Tips for Making a Better Community

aeryaery Gtricks Forum in 2.2 :) ✭✭✭
edited December 2012 in General Banter
  1. Remove the dead areas.
  2. Concentrate on activity.
  3. Prioritize interactions over content.
  4. Highlight what’s popular.
  5. Highlight the contributions of members.
  6. Develop a community management plan.

These tips are taken from http://www.ning.com/blog/ .

I hope you will find them useful :)

Comments

  • AnonymooseAnonymoose ✭✭
    edited December 2012

    @aery said:
    3. Prioritize interactions over content.

    If your site is paid for by advertising then it is good to have more content and not have users merely use your site to send endless PMs to each other.

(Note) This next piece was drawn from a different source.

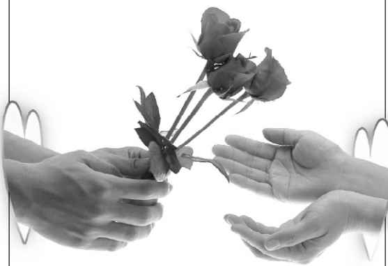
الکافی (ط - دارالحدیث)، ج ۱۱، ص: ۳۱۶

این سخن مرد به همسرش که «دوستت دارم»، هیچ گاه از قلب زن بیرون نمی رود. پس یک مدت طولانی بدون چشم داشت، این ذکر روزانه را بگوتا تأثیرش را ببینی: «عزیزم، دوستت دارم.»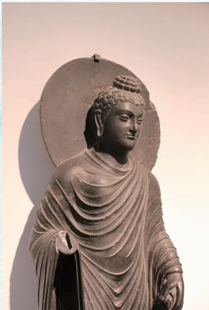
ガンダーラ仏立像(部分)

  • ChanuxChanux Admin of Geek.lk ✭✭

    Im a Huge Vanilla fan and user, We can develop a Group Plugin and page plugin like this http://community.elgg.org/groups/all

  • businessdadbusinessdad Stealth contributor MVP

    What would be the difference between Groups and Categories?

  • @businessdad said:
    What would be the difference between Groups and Categories?

    Groups generally organizes people into areas of interest, where categories organize discussions. So in a group, you could look at all users interested in a certain topic as well as discussions within that topic. A good way of doing it might be to simply have a front end page that shows all people that have subscribed to a certain forum category and call it groups. It would depend on what a particular site owner wanted to do with it I suppose.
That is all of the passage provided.